A *non_terminating_x86_function* is the same idea applied to x86
functions having "ret" instructions. *non_terminating _behavior* refers
to the above definitions.
 It is stipulated that *correct_x86_emulation* means that a finite
string of x86 instructions is emulated according to the semantics
of the x86 language beginning with the first bytes of this string.
 A *correct_x86_emulation* of non-terminating inputs includes at
least N steps of *correct_x86_emulation*.
 DDD *correctly_emulated_by* HHH refers to a *correct_x86_emulation*.
This also adds that HHH is emulating itself emulating DDD at least once.
 void DDD()
{
   HHH(DDD);
   return;
}
 When HHH is an x86 emulation based termination analyzer then
each DDD *correctly_emulated_by* any HHH that it calls never returns.
But, to do so, HHH can't abort is eulation, so doesn't answer, and thius isn't the HHH that you claim to correctly ans

 Each of the directly executed HHH emulator/analyzers that returns
0 correctly reports the above *non_terminating _behavior* of its input.
But, since the input isn't "non-terminating" per the definiton of the field, you are just WRONG.

 < It also
says that a conterargument may use a different stipulative definition
for the same term.
>
 When evaluating the the deductive validity of my reasoning
changing the premises is the strawman deception.
https://iep.utm.edu/val-snd/
And changing the criteria of terminating is a strawman deception on YOUR part.

 When evaluating the external truth of my stipulated definition
premises and thus the soundness of my reasoning
Which is INVALID, as it isn't compatible with the system, so can NEVER be true.

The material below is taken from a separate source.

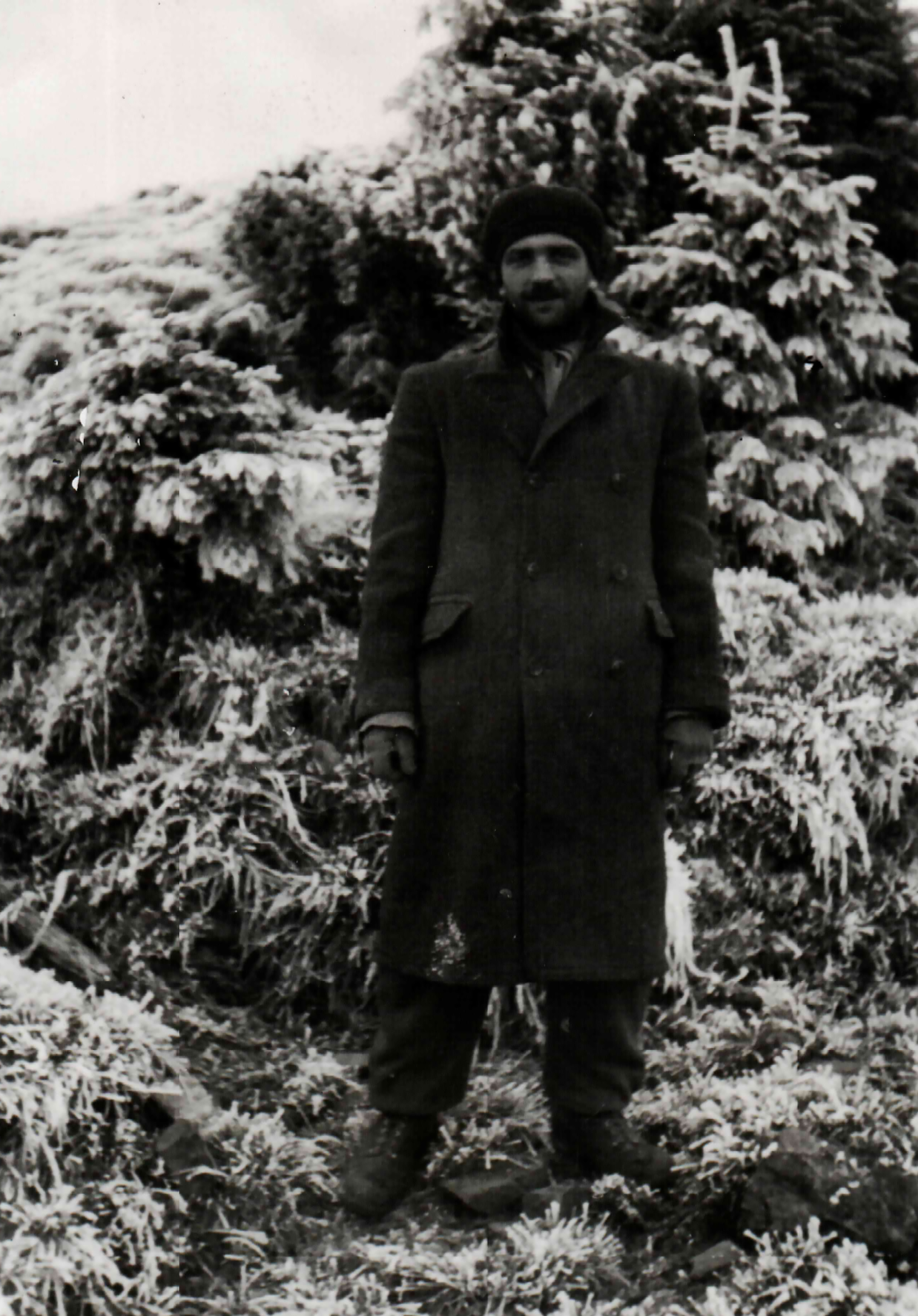 Rákos Ernő munkaszolgálatos fagyott fenyő előtt áll

 one cannot change the subject away from the termination analysis
of C functions to the halt deciders of the theory of computation
this too is the strawman deception.
Right, which look at the FULL behavior of the function, and EVERYTHING the call, which means includes

 To the best of my knowledge all of my stipulative definitions
are consistent with the terms-of-the-art of the fields of the
termination analysis of C functions and x86 emulation.
 
Nope, as "Termination" is a property of PROGRAM not just C functions, unless they can also meet the requirements of being a Computer Science Program, which means they are condidered to contain ALL the code they use.
DDD is not such a function unless you include as part of its definition the full definition of the behavior of the HHH that it is calling (and thus HHH can not assume it might behave diffferent then what the HHH that is actually being asked does).
Thus, you can neither redefine the criteria for HHH and still call it termination, or say that the input is restricted to just the code of the C function DDD.
Sorry, you are just WRONG, and your refuse to undertstand this makes you STUPID.